It is needless to dwell longer upon this occurrence, further than by saying, that the "young man," finding the bill not in a way of being "settled," or Mrs, Jennings either, took his beaver, or—we like to be particular—his four-and-ninepenny, no longer a hat, but a piece of ornamented brown paper in a fine state of decomposition, and was in the act of leaving the room, when rat! tat! tat! went the door, and another young man was announced with a bill for acceptance, drawn by Messrs. Lutestring & Co. for silks, flannels &c. supplied to—Mrs. Jennings! Monsieur Tonson was nothing to this! Another knock, and a female was ushered up with a yard-long bill for millinery, &c. done for—Mrs. Jennings! The "Storm" upon the grand piano was a mere puff to that raised by Bullfinch. He swore, raved, ordered them from his house, and finally, thrusting his head between his hands, groaned a bitter groan, and, smiting his brow, cried, "Oh, that d—d poppy!"

The following morning, a suspicious-looking person, of a pick-pockety exterior, and belonging to a similar industrious calling—he was a lawyer's clerk—knocked at the knocker of Theophilus Bullfinch, and with that gentlemanly ease and accomplished manner so peculiar to young men in the law, handed to the aforesaid personage a letter, prettily worded, and headed "Jennings versus Bullfinch." It was a notice of action for "breach."

Tremble, oh, ye bachelors!—and oh, ye spinsters! smirk in the hope of one day convincing the world you ought to have been married. Mrs. Jennings was of the same opinion, and, in a spirit of justice to her sex, put her case into the hands of Messrs. Twist and Strainer, as respectable a firm as ever undertook a "breach of promise case." It is needless to say they issued their process with becoming expedition; and Bullfinch, sorely galled, mastered his antipathy,—we cannot but think a very foolish one,—and applied to an attorney!—in the hope—men catch at straws—that an attorney might be an honest man!
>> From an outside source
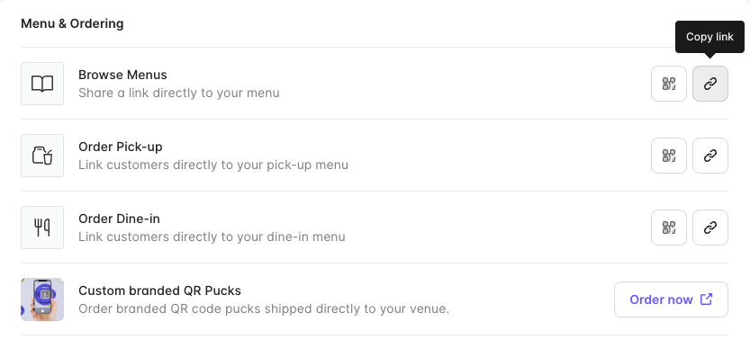 Grab your ordering link from the Marketing ➜ QR Codes & Links section in your Bopple Back Office.

Alas! that a person of his years should not have more wisdom!—It is perhaps necessary to inform the reader that the damages were laid at five thousand pounds.

The day of trial arrived. Theophilus, with a blushing face and tremulous heart, squeezed himself into a seat beside his legal adviser; his eyes upon the floor, and his hands feelingly placed in his pockets. He fancied all eyes bent on his, and smarted under them as they were burning-glasses. By degrees his timidity abated, and at the bustle occasioned by the judge coming into court had so far summoned courage as to raise his eyes. They met, "gently beaming," the eyes of Mrs. Jennings, who was seated in the gallery. He would rather have looked on a wolf's; but a sort of fascination, as birds feel looking at serpents, kept them fixed,—nailed to the eyes of what seemed to him his evil genius; whilst she, with the bland look of injured innocence, jerked a few tears into her eyes, and, taking out her pocket-handkerchief,—a clean one for the occasion,—wept, that is, she appeared to do so; but a woman's tears, like her ornaments, are not always real.
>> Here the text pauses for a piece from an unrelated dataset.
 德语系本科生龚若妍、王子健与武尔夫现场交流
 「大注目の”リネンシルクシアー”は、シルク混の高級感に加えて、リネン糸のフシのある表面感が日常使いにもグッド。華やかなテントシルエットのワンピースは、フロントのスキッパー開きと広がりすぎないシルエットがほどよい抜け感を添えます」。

She looked, and Bullfinch spell-bound met her gaze; but, as a friend of ours once said, "He gave her a look!"

The proceedings commenced. The learned counsel opened the case by enlarging upon "the enormity of the defendant's crime, and the plaintiff's unprotected state; a crime," the learned counsel went on to say, "unparalleled in the annals of the law; a crime, my lord and gentlemen, which breaks into the peace of families, and takes from the lovely and the virtuous that jewel no wealth can barter,—her reputation, gentlemen, her unspotted, her unblushing reputation! Not that I would be understood to accuse the defendant of seduction. No, gentlemen; the lady whose case I am pleading is too fair a flower to be hurt by his calumniating breath!—she is——"

Here Theophilus uttered a word; we are grieved we cannot repeat it; but the officer of the court bawled "Silence!" in so loud a tone as completely to drown it. The learned counsel continued:

"Yes, my lord and gentlemen, the defendant—I blush, gentlemen, I blush," and the learned counsel was evidently overcome with the novelty of his situation,—"the defendant is a man," he resumed, "past the intoxicating meridian of life, when the feelings of youth flutter like bees sipping flowers of the fairest hue. He has proved himself——"

Another ejaculation from Theophilus, and again the officer "Silence'd!"

"He has proved himself a monster of the blackest dye,—a reptile who ought to be crushed off the face of the earth! Oh, gentlemen, did you but know the lady as I do,—have known the sanctity of her private life, and the ethereal nature of her public one; her loveliness, her virgin excellence, beloved by relations, idolized by her family!" The lades in the gallery were visibly affected, and looked daggers at the brute of a defendant. The counsel, after a pause, resumed: "This, gentlemen, is the being for whom I am to plead. Englishmen will, I am sure, never desert the ladies!"